Cilia and flagella

Cilia and flagella

Centriole-based, motile cell extensions. These organelles are usually indistinguishable in fine structure as seen with the electron microscope, but quantitatively there are many (several hundred) cilia, and few or fewer (usually one or two) flagella, on one cell. Bacterial or prokaryotic flagella are entirely different organelles that are not considered in this article, which concerns only eukaryotic flagella.

Flagella move with undulatory motion in which successive bending waves progress along the length of the organelle, whereas cilia move with flexural motion consisting of a planar effective stroke, with the organelle extended perpendicular to the cell body, followed by a nonplanar curving recovery stroke, with the organelle pulled parallel to the cell body. Both organelles function to move water past the cell. Their action may bring food and oxygen into an animal, or it may propel the cell to a new environment.

The words cilium (eyelash) and flagellum (whip) are accurate descriptions of the appearance of these cell organelles when they are seen under the light microscope. Cilia are present on protozoa, such as Paramecium, and on metazoan cells of many different tissue types. A flagellum is present on human sperm; in fact, the sperm of most animals possess a flagellum, and, correspondingly, male gametes of many lower plants are flagellated. In addition, many ordinary types of cells of vertebrates, for example, from the thyroid, the kidney, or the pituitary gland, possess modified nonmotile derivatives that resemble cilia. See Ciliophora, Epithelium, Sperm cell

Relative to cell size, both cilia and flagella are very long organelles. Flagella may be over 50 micrometers long.

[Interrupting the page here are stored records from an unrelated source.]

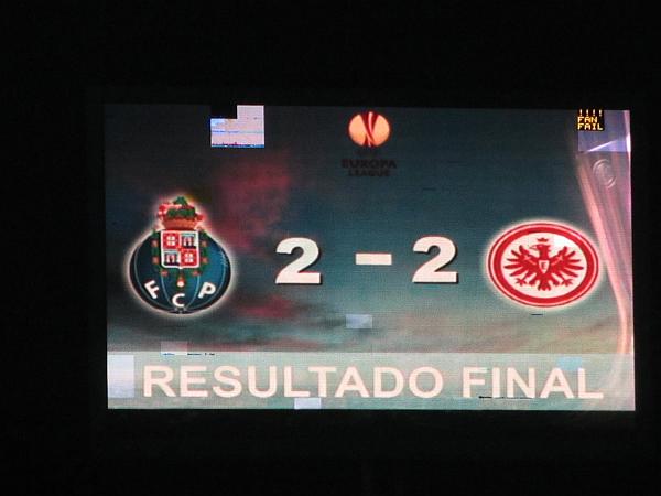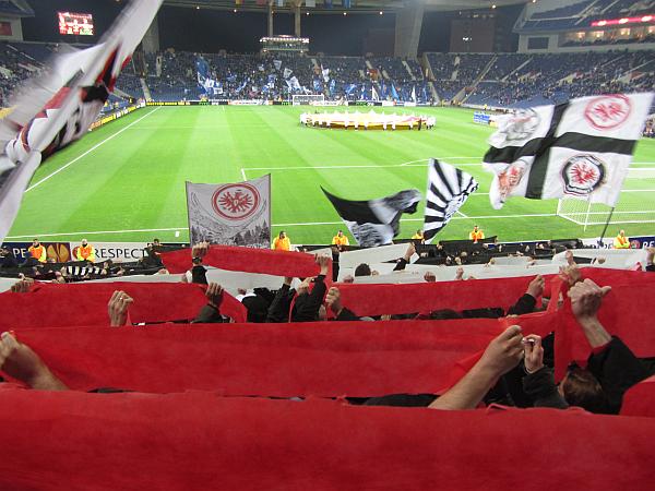 Was nun folgte, wird für alle Anwesenden unvergesslich bleiben, wir steigerten uns in einen Supportrausch und wurden minütlich lauter. Es begann mit einer kleinen Choreo und fand seinen Höhepunkt im minutenlangem Wechselgesang, ein jedes Mal lauter, enthusiastischer, euphorischer, derweil sich die Eintracht gegen spielstärkere Portugiesen abrackerte und doch kurz vor Halbzeit durch einen Kunstschuss Quaresmas das 0:1 kassierte. Die Pausenmusik war erstklassig, der Auftritt der Adler aller Ehren wert. Nach einigen guten Chancen der Eintracht traf Porto zum 2:0 ins Frankfurter Herz, wir begannen zu beten, das wenigstens noch der Anschlusstreffer fällt – und der Fußballgott hatte ein Einsehen, Joselu hämmerte das Ding in die Maschen und als wäre dies nicht genug, hampelte nur wenig später Alex Santo auf Drängen von Marco Russ die Kugel zum Ausgleich ins Netz, wir waren kurz vorm Durchdrehen, während die zwischenzeitlich übermütigen Anhänger des FC Porto nun kleinlaut einen Treffer herbeisehnten, der jedoch nicht mehr fiel – Endstand also 2:2, eine kaum mehr erhoffte Ausgangsposition für unsere Eintracht für das Rückspiel.
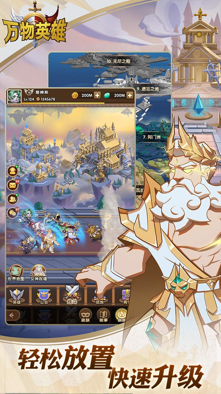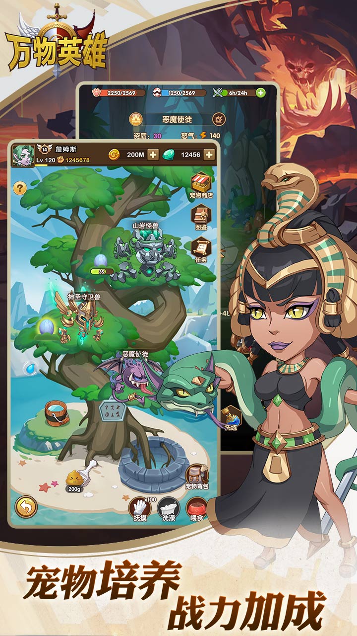 万物英雄是一款放置卡牌RPG类游戏,在游戏中,你可以召唤天地万物的英雄,组建传奇团队,培育可爱的宠物,并与同行公会合作完成史诗般的塔攻防战斗,保卫家园,重建光明的奥丁世界。
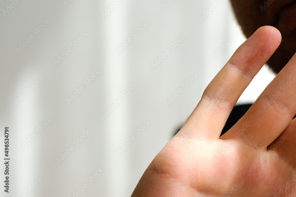 Help needed. Woman needs help concept on white background. Empty copy space for text messages. Violence, victim and sos idea with female hand or arm.

Certain compound cilia, such as the comb plates of ctenophores, are macroscopic structures, visible to the naked eye. Usually, however, cilia range from 10 to 15 μm in length.

The electron microscope reveals that the cilium or flagellum is really an internal organelle since it is bounded by the cell membrane and enclosed at the tip. The main internal structure of the cilium is the axoneme. Under the electron microscope, a single axoneme appears to contain a fixed pattern of microtubules. The microtubules are not simple single units; rather, nine doublet microtubules are found on the periphery of the axoneme surrounding two central elements. This is the so-called 9 + 2 pattern (see illustration). Each peripheral doublet is composed of one complete and one partial microtubule. The microtubules are themselves composed of subunits arranged into microfibers or protofilaments.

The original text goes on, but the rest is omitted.